Exercise directions
Exact copy, no pictures: output all the records that follow.

##############################

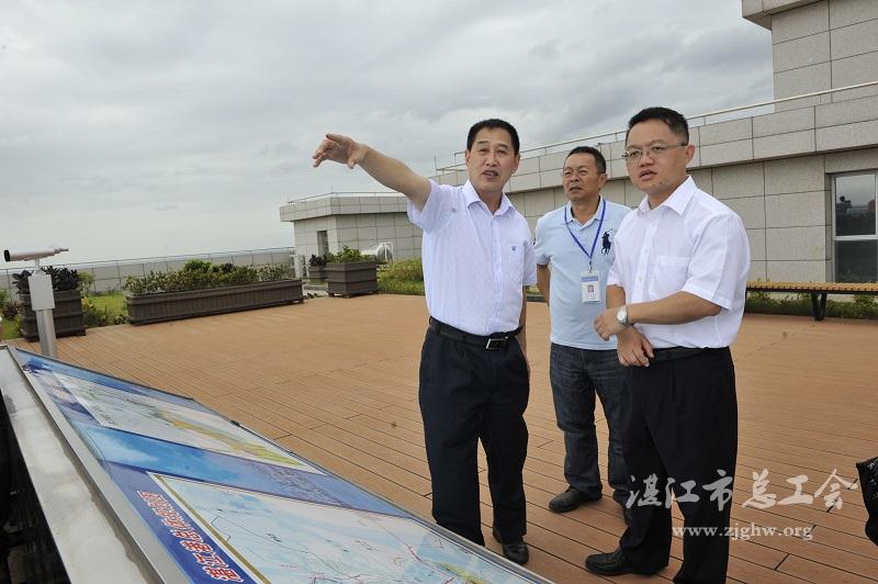 随后,冯建华来到湛江港大夏12楼的观光平台,观看了霞山港区。在观光平台,王立功向他介绍了集团公司建设发展情况。
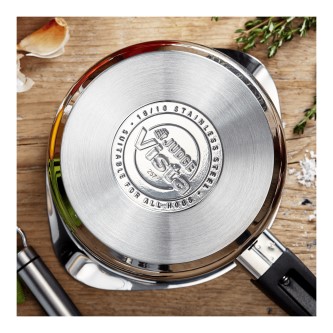 Features internal time-saving measuring guides. Allows for safe and secure handling thanks to the easy grip, comfortable, phenolic low-heat transmission handle. Shatter proof vented glass lid for over boil prevention.
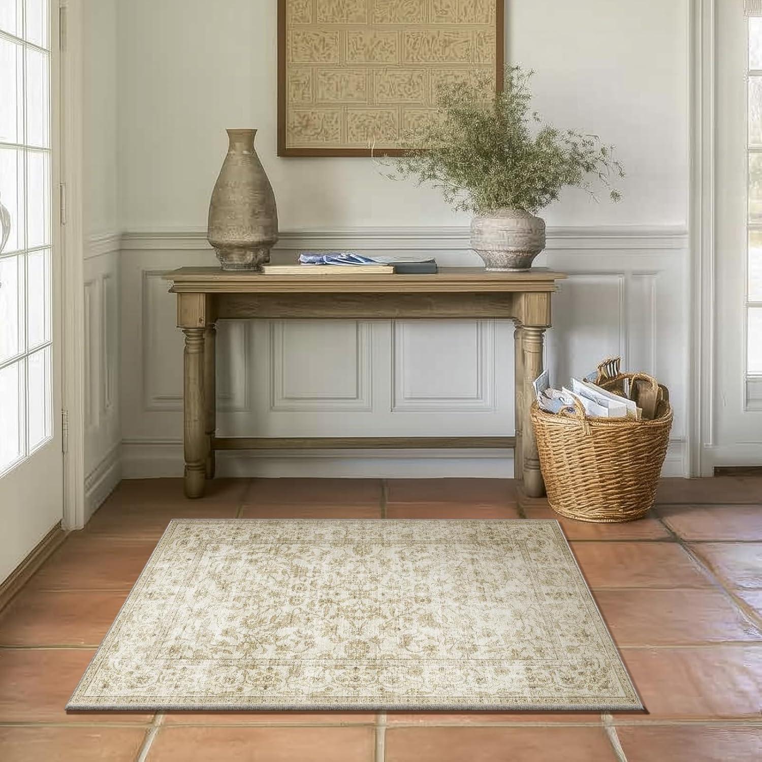 Machine Washable Throw Rugs for Entryway: Door Mat Indoor Entrance 4x6 Rug Small Area Rug Non Slip Low Pile Soft Kitchen Rugs for Front Door Indoor Entrance Entry Kids Room(Beige and Brown)
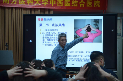 此次科普义诊活动吸引了60余民邮政职工参与,现场骨伤科汪青春教授就办公室人群应该如何预防颈椎病为大家作了简明扼要、生动形象的讲解,并现场教大家做颈椎保健操,让大家进一步掌握预防颈椎病的方法,倡导健康积极的生活方式。
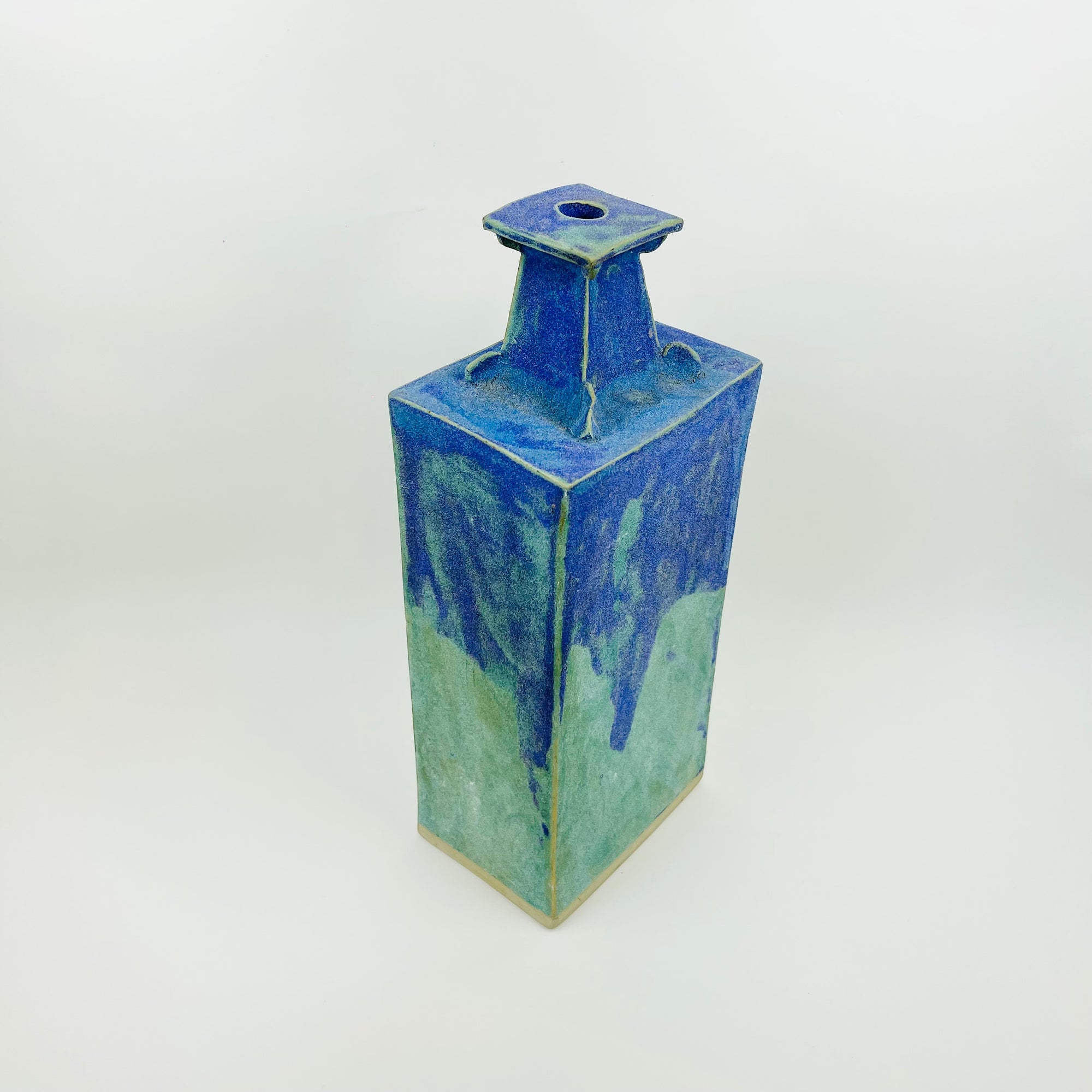1960s FONNISH BLUE GREEN GLAZED SAND VASE BY ANNIKKI HOVISA
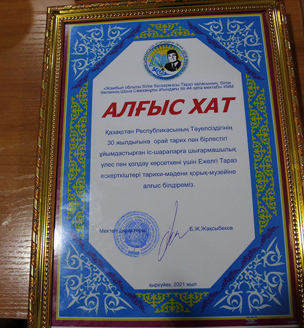 "Ежелгі Тараз ескерткіштері" тарихи-мәдени қорық-музейінің қызметкерлері Тәуелсіздігіміздің 30 жылдық мерей тойына орай қалалық Шона Смаханұлы атындағы №44 орта мектепте "Тәуелсіздік тұғырым" атты іс-шараға қатысты. Іс-шара аясында тарихи-мәдени мұрамызды өскелең ұрпаққа насихаттау және таңыстыру мақсатында "Рухани құндылықтарымыздың 30 жылдықтағы жетістіктері" атты тақырыбында музей қорынан жасақталған ерекше туындылардан жылжымалы көрме 300-ден астам білім алушыларға көрсетілді.
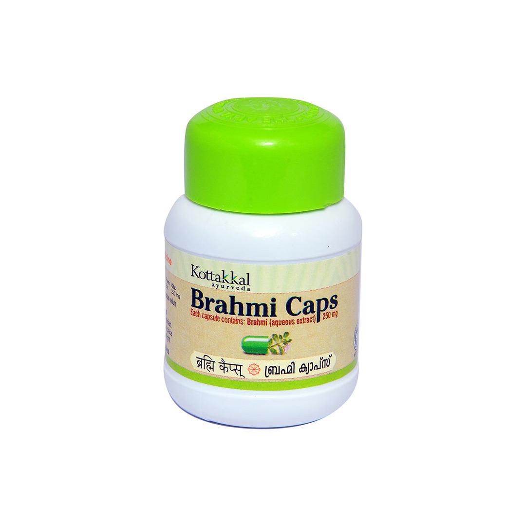 Kottakkal Brahmi Caps is an Ayurvedic herbal supplement formulated to support brain health, memory, and mental clarity. Prepared using classical Ayurvedic principles, it helps enhance concentration, learning ability, and cognitive performance while also supporting calmness and stress management when used regularly as advised.
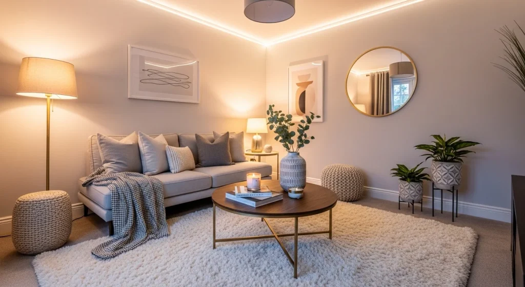 Adding a soft, plush rug introduces warmth and texture to the space. It grounds the room and connects all elements together. The softness enhances comfort visually. It also adds a sense of luxury underfoot. The room feels more complete. A subtle but powerful upgrade.
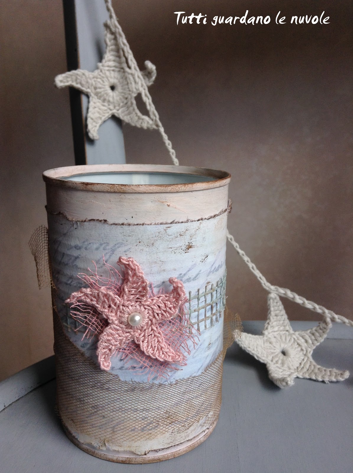 В банке нужно при помощи ручной дрели сделать пару отверстий (или же шилом), прикрепить ручку, изготовленную из проволоки. Теперь банку можно украсить по собственному вкусу.
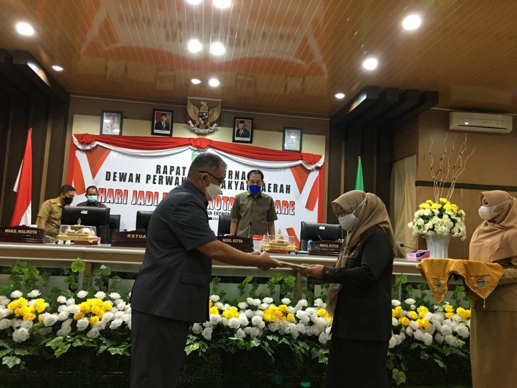 Penyerahan dilakukan melalui rapat paripurna di Gedung DPRD Parepare. Senin 1 Maret 2021.
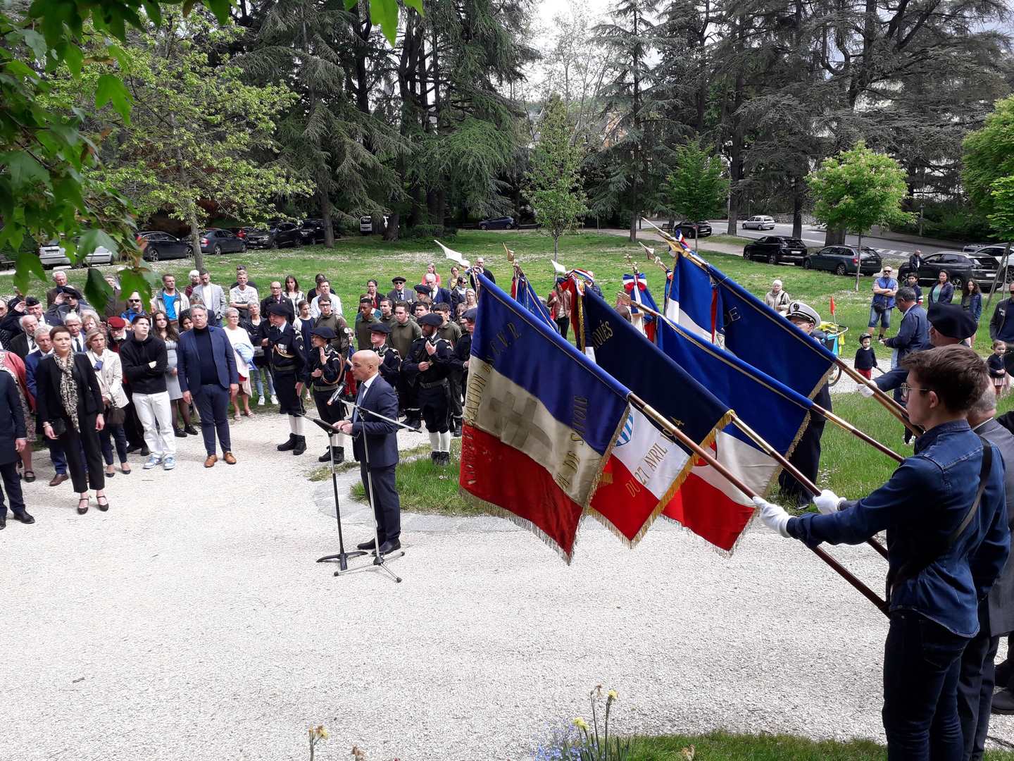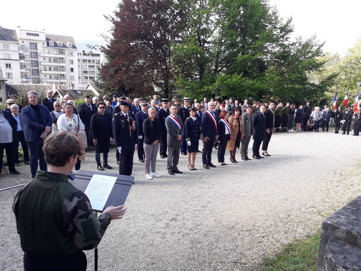 En ce 8 mai 2023, après une prise d'arme sur la place de la Mairie, la cérémonie s'est déroulée au Clos Savoiroux, au monuments aux Morts puis à la stèle de la Résistance, en présence des autorités civiles et militaires et des associations mémorielles. le Souvenir Français était représenté par Frédéric Mareschal délégué général de la Savoie et président du comité de Chambéry-Cognin
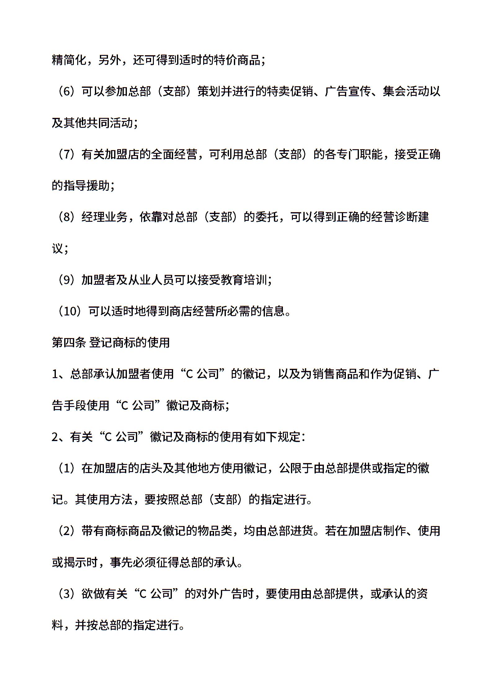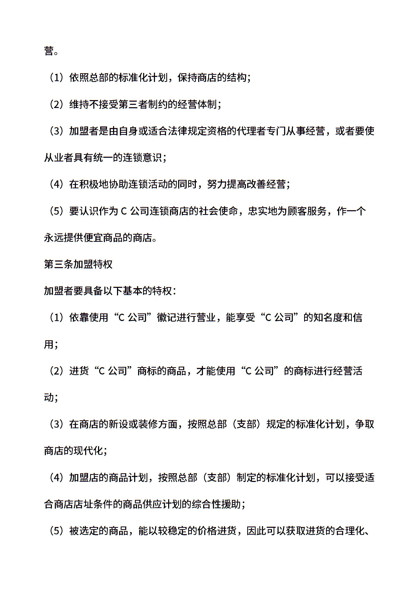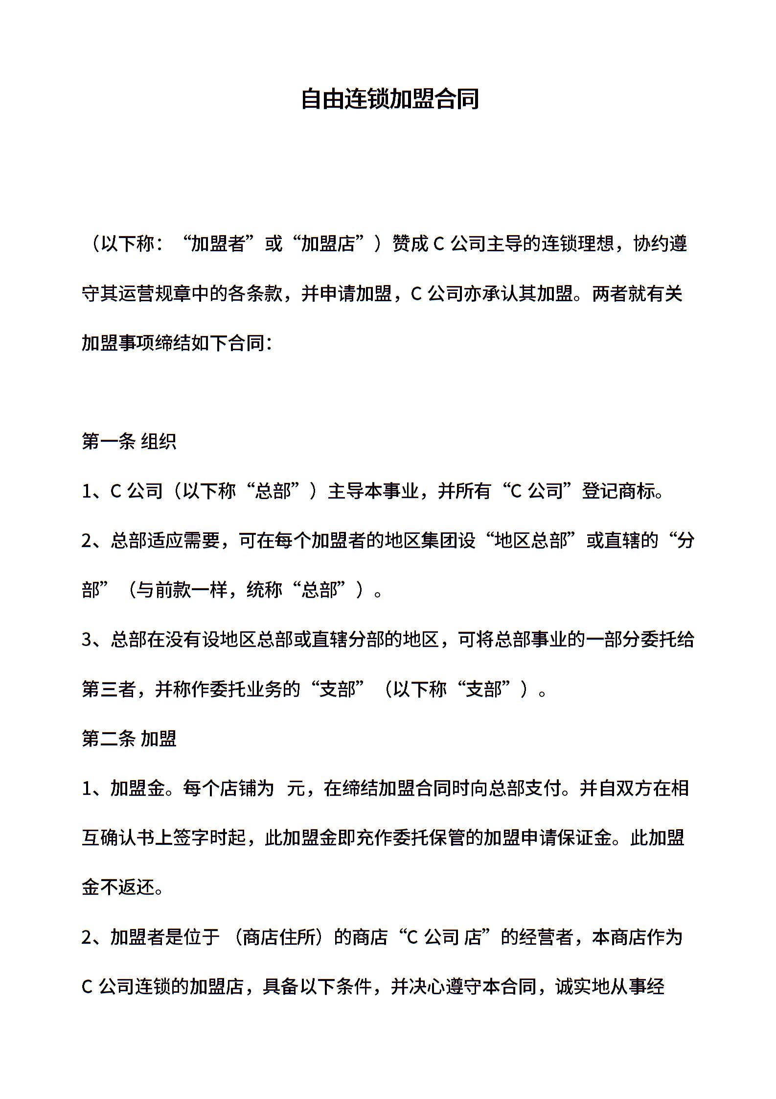 自由连锁加盟合同
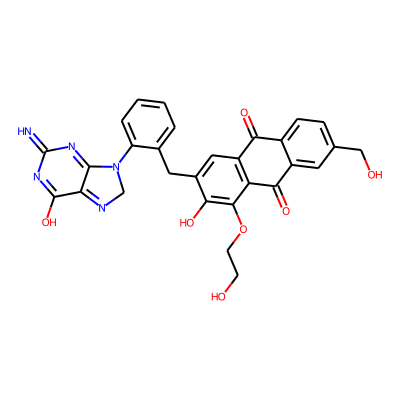 N=C1N=C(O)C2=NCN(c3ccccc3Cc3cc4c(c(OCCO)c3O)C(=O)c3cc(CO)ccc3C4=O)C2=N1| HBA: | 12 | RingCount: | 6 |
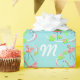 A trio of pink lively flamingos flap their wings and ruffle their feathers against a blue watery background with reeds and water lilies. A stylish design with a retro touch which can be personalised with your own text, images and ideas. An original digital art image created by Quirky Chic.
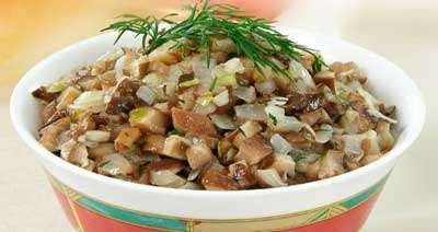 Лук очистите, нарежьте мелкими кубиками и обжарьте на масле. Грибы мелко порубите. Соедините грибы с луком и тушите 5-10 минут. За 2 минуты до окончания тушения добавьте толчёный чеснок, перец и соль.
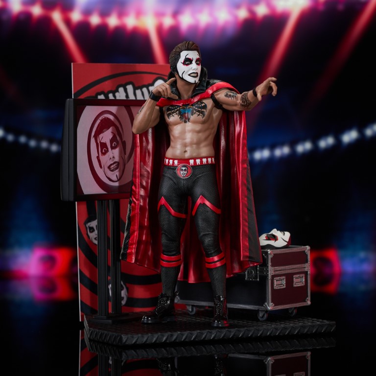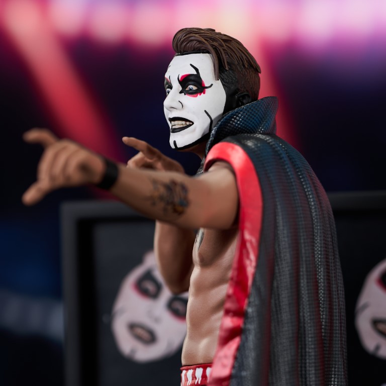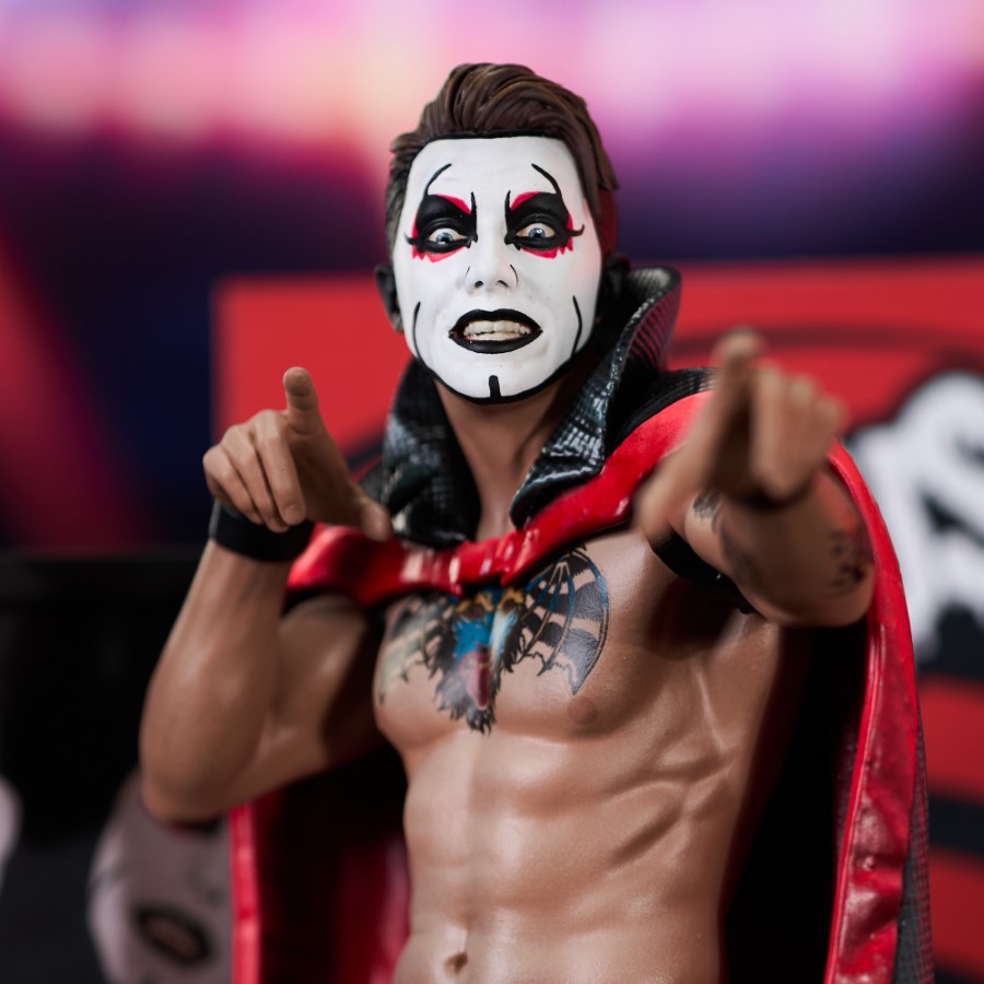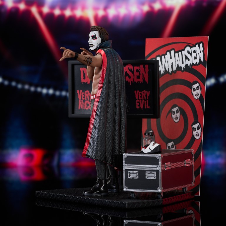 A Diamond Select Toys release! This statue is very nice, but very evil! All Elite Wrestling’s most mysterious and inscrutable personality is now the latest AEW Gallery Diorama! Measuring approximately 10 inches tall, this PVC statue of Danhausen depicts the tattooed wrestler in his full ring gear, including cape, surrounded by a TV monitor and a shipping container with a mask and a jar of teeth. Plus, the background and TV screen are interchangeable, so they can show Danhausen’s face or the AEW logo! It comes packaged in a full-color window box. Designed by Gabriel Cassata! SRP: $59.99

##############################

Exercise result
 随后,冯建华来到湛江港大夏12楼的观光平台,观看了霞山港区。在观光平台,王立功向他介绍了集团公司建设发展情况。
 Features internal time-saving measuring guides. Allows for safe and secure handling thanks to the easy grip, comfortable, phenolic low-heat transmission handle. Shatter proof vented glass lid for over boil prevention.
 Machine Washable Throw Rugs for Entryway: Door Mat Indoor Entrance 4x6 Rug Small Area Rug Non Slip Low Pile Soft Kitchen Rugs for Front Door Indoor Entrance Entry Kids Room(Beige and Brown)
 此次科普义诊活动吸引了60余民邮政职工参与,现场骨伤科汪青春教授就办公室人群应该如何预防颈椎病为大家作了简明扼要、生动形象的讲解,并现场教大家做颈椎保健操,让大家进一步掌握预防颈椎病的方法,倡导健康积极的生活方式。
1960s FONNISH BLUE GREEN GLAZED SAND VASE BY ANNIKKI HOVISA
 "Ежелгі Тараз ескерткіштері" тарихи-мәдени қорық-музейінің қызметкерлері Тәуелсіздігіміздің 30 жылдық мерей тойына орай қалалық Шона Смаханұлы атындағы №44 орта мектепте "Тәуелсіздік тұғырым" атты іс-шараға қатысты. Іс-шара аясында тарихи-мәдени мұрамызды өскелең ұрпаққа насихаттау және таңыстыру мақсатында "Рухани құндылықтарымыздың 30 жылдықтағы жетістіктері" атты тақырыбында музей қорынан жасақталған ерекше туындылардан жылжымалы көрме 300-ден астам білім алушыларға көрсетілді.
 Kottakkal Brahmi Caps is an Ayurvedic herbal supplement formulated to support brain health, memory, and mental clarity. Prepared using classical Ayurvedic principles, it helps enhance concentration, learning ability, and cognitive performance while also supporting calmness and stress management when used regularly as advised.
 Adding a soft, plush rug introduces warmth and texture to the space. It grounds the room and connects all elements together. The softness enhances comfort visually. It also adds a sense of luxury underfoot. The room feels more complete. A subtle but powerful upgrade.
 В банке нужно при помощи ручной дрели сделать пару отверстий (или же шилом), прикрепить ручку, изготовленную из проволоки. Теперь банку можно украсить по собственному вкусу.
 Penyerahan dilakukan melalui rapat paripurna di Gedung DPRD Parepare. Senin 1 Maret 2021.
 En ce 8 mai 2023, après une prise d'arme sur la place de la Mairie, la cérémonie s'est déroulée au Clos Savoiroux, au monuments aux Morts puis à la stèle de la Résistance, en présence des autorités civiles et militaires et des associations mémorielles. le Souvenir Français était représenté par Frédéric Mareschal délégué général de la Savoie et président du comité de Chambéry-Cognin
 自由连锁加盟合同
 N=C1N=C(O)C2=NCN(c3ccccc3Cc3cc4c(c(OCCO)c3O)C(=O)c3cc(CO)ccc3C4=O)C2=N1| HBA: | 12 | RingCount: | 6 |
 A trio of pink lively flamingos flap their wings and ruffle their feathers against a blue watery background with reeds and water lilies. A stylish design with a retro touch which can be personalised with your own text, images and ideas. An original digital art image created by Quirky Chic.
 Лук очистите, нарежьте мелкими кубиками и обжарьте на масле. Грибы мелко порубите. Соедините грибы с луком и тушите 5-10 минут. За 2 минуты до окончания тушения добавьте толчёный чеснок, перец и соль.
 A Diamond Select Toys release! This statue is very nice, but very evil! All Elite Wrestling’s most mysterious and inscrutable personality is now the latest AEW Gallery Diorama! Measuring approximately 10 inches tall, this PVC statue of Danhausen depicts the tattooed wrestler in his full ring gear, including cape, surrounded by a TV monitor and a shipping container with a mask and a jar of teeth. Plus, the background and TV screen are interchangeable, so they can show Danhausen’s face or the AEW logo! It comes packaged in a full-color window box. Designed by Gabriel Cassata! SRP: $59.99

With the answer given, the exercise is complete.